Sembra apparire più che altro come una ricerca di una nuova identità, questo Saw V, ennesima tessera di un puzzle che non vuol conoscere fine, episodio che, almeno rispetto al terzo e al quarto, dona un maggior senso di (in)completezza e (in)compiutezza all’intera saga. Saga che probabilmente passerà alla storia come il più audace (?) esempio di sfruttamento commerciale di una sola idea e di una sola figura, di un mostro che è un killer seriale imprigionato in una serialità televisiva - quella odierna di Lost, ma senza la sua genialità - dove tasselli su tasselli si vanno ad aggiungere l’uno all’altro, inframezzando la narrazione e lasciando che questa progredisca molto lentamente, donando una certa confusione all’insieme e divenendo essi stessi il vero discorso. Ma di sicuro la serialità di Saw non ha eguali nella storia dell’horror, soprattutto in quanto a velocità di esecuzione e, sembra, di incassi: cinque film in appena quattro anni, in attesa del sesto brano, tutto all’insegna di una ingordigia sempre molto attuale. La lievissima e continua variazione su di un tema dato diviene esempio di cinema di genere e B-Movie dei nostri tempi, ormai incanalatosi nella corrente mainstream, ma che mantiene sempre una peculiarità di opera a basso costo che riesce a far ampiamente rientrare la produzione dei pochi soldi spesi, potendo comunque contare su di uno zoccolo duro di pubblico sparso sulla superficie del globo.

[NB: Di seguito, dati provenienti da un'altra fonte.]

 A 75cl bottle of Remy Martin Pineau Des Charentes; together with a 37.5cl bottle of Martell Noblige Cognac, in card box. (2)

La ricerca di una nuova identità appare la meta dell’esistenza del detective Mark Hoffman, rimasto ormai l’unico a portare avanti l’eredità dell’Enigmista, del quale in passato ha preso le sembianze per commettere un omicidio, uno solo, con scopi puramente personali. Ma la sua vita cambierà dopo un successivo e vibrante incontro con quello che diventerà il suo Maestro. Hoffman, da tutti considerato come un eroe per essere sfuggito alle grinfie del mostro, attirerà i sospetti dell’agente Strahm, dovendo così escogitare un piano per liberasi di quest’ultimo. Nel mentre, un gruppo di malcapitati dovrà vedersela con alcune ingegnose macchinazioni dell’ultimo torturatore delle coscienze e della loro dubbia moralità.

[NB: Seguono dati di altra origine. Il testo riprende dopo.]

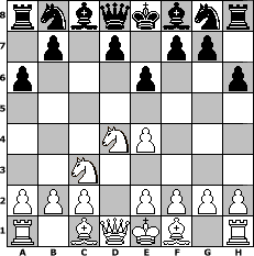 game notation in PGN-format [Event "Turnier in den M"] [Site "www.myChess.de"] [Date "2014.02.19"] [Round "1"] [White "Ziegert"] [Black "Winston"] [ECO "B28"] [WhitemyELO "1485"] [BlackmyELO "1450"] [Result "0-1"] [TimeControl "10/2592000"] [WhiteDays "00"] [BlackDays "30"] [MyChessNo "93091"] 1. e4 c5 2. Nf3 a6 3. d4 cxd4 4. Nxd4 h6 5. Nc3 e6 0-1 position notation in FEN-format rnbqkbnr/1p1p1pp1/p3p2p/8/3NP3/2N5/PPP1PPPP/R1BQKB1R - KQkq - 0 6 Captured white pieces: Captured black pieces: Click on a captured piece in order to display the desired move!

Alternarsi di passato e presente e di luoghi diversi e lontani che vanno comunque a congiungersi in un eterno ritorno dell’uguale: sono questi i segni distintivi dei film che sono succeduti all’episodio primigenio della saga, come a cercare di arieggiare – ma non troppo - il precedente ’qui e ora’, nonostante l’evidente condizione di prigionia in labirinti senza fine dove regna un presente continuo. Ma i novanta minuti di quest’ultima pellicola si fanno notare grazie a un certo equilibrio, tanto che la violenza non appare più come il cardine principale sul quale si regge l’intero costrutto. Anzi il risultato finale trova giovamento in una sceneggiatura più classicamente thriller, dove risalta la lotta a distanza tra le due facce della polizia e dove, per una volta, esistono macchinazioni mentali accanto alle solite macchine di tortura, astrazioni tra l’altro non direttamente collegate agli altri e più tangibili sadici meccanismi.

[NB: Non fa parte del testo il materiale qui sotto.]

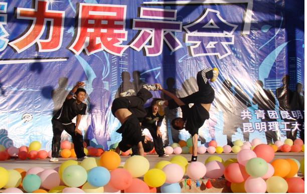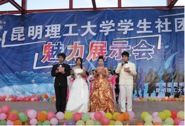 下午3点,学生社团魅力展示会文艺演出随之在呈贡校区食堂二楼广场举行。演出在和谐社eight乐队的一曲悠扬的《白鸽》声中拉开序幕,管经学院辩论协会的舞蹈《歌舞青春》动感十足,彰显了大学生的青春活力;文学爱好者协会选送的舞台剧《同桌的你》充满清新的气息,把同学们带回到青涩的学生时代;机电学院艺术团钟雨龙的歌曲《当爱变成习惯》更是在现场掀起了一阵热浪,引来了观众的欢呼和掌声;武术协会气势磅礴的武术表演渗透出中国武术的博大精深;青年志愿者协会的舞台剧《生死不离》表现了全国人民在5.12地震中的坚强不屈和团结;交通学院社团部选送的歌曲《beautiful》旋律悠扬,引人入胜;心文化协会的话剧《一世亲情》寓意深刻,引起同学们的共鸣;轮滑社的轮滑表演充分展示了轮滑的魅力,让人叫绝;三栖人文化联盟的cosplay表演使到场的动漫爱好者大饱眼福;法学院演讲与辩论协会选送的歌曲《雨中飘荡的回忆》旋律优美,使人仿佛置身于浪漫的雨天;街舞协会活力四射的街舞表演给观众带来了富有冲击力的视觉盛宴;机电学院的话剧《不屈的生命》引人入胜,展现了当代大学生坚强的风采;环工学院的环保时装展将环保与表演完美结合,用独特的创意宣传了环保;随后的《单身情歌》、《星空下的温柔》等歌曲又引来了观众的一片叫好,最后,活动在舞蹈协会的节奏欢快的舞蹈《欢聚》中、在社团人的共同美好期望中圆满结束。

Purtroppo Saw V, al pari almeno dei precedenti due episodi, non sa stupire grazie alla forma puramente cinematografica, visto che la regia è comunque alquanto sciatta e inutilmente artificiosa: inquadrature sghembe, movimenti accelerati della mdp, in pratica l’abc del linguaggio cinematografico dell’horror, ma utilizzato senza infondervi alcuna anima. Sarà questa, probabilmente, l’unica identità che Saw non vorrà mai dismettere.


CAST & CREDITS

(id.); Regia: David Hackl; sceneggiatura: Patrick Melton e Marcus Dunstan; fotografia: David A. Armstrong; montaggio: Kevin Greutert; musica: Charlie Clouser; interpreti: Tobin Bell (Enigmista/John), Costas Mandylor (Mark Hoffman), Scott Patterson (Agente Strahm), Betsy Russell (Jill); produzione: Twisted Pictures e Lionsgate; distribuzione: 01 Distribution; origine: USA, 2008; durata: 92’; web info: sito ufficiale.